溝近さんともいろいろ因縁があったらしいけど、今のところ手を組んでいる。
年内には完成するって。
その時にはオレもそっちの寮に移るから」
忍は立ち止った。
手が、紫朗の手のひらからすっぽりと抜ける。
急に山の冷気が足元から立ち上ってきた。
藤枝紫朗は白い歯を見せて、笑った。
「だから、部屋、もう片付けなくていいよ。
それと今までありがとう」
忍の頭は真っ白になった。
姉や兄との別れは、もうとうに覚悟をしていたこと。
でも、紫朗とは、少なくとも卒業までは一緒に居られると思っていた。
「ぼく、ぼくもその寮には入れない?」
「言ったろ、娼館だって。
アンタには無理だって。

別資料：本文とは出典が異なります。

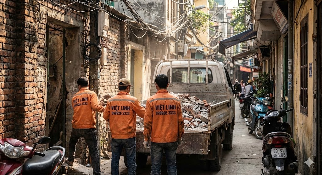 Cách làm: Xe ba gác vào tận cổng (nếu ngõ >2m). Nếu ngõ nhỏ hơn, chúng tôi dùng xe rùa trung chuyển ra điểm tập kết. Đội ngũ thợ khỏe, nhiệt tình, không ngại vất vả.

その必要もない」
藤枝紫朗は肩をすくめて笑って、手を伸ばしてきた。
「ぼく……。
ぼく、藤枝くんと一緒に居たいんだ。
一緒に居させて、せめても卒業まで」
藤枝紫朗の貌から表情が消えた。
差し出していた手を引く。
「ぼく、藤枝くんのことが好き」
「ごめん、アンタの気持ちには応えられない」
紫朗は視線を落とすと、忍に背を向けて歩きだした。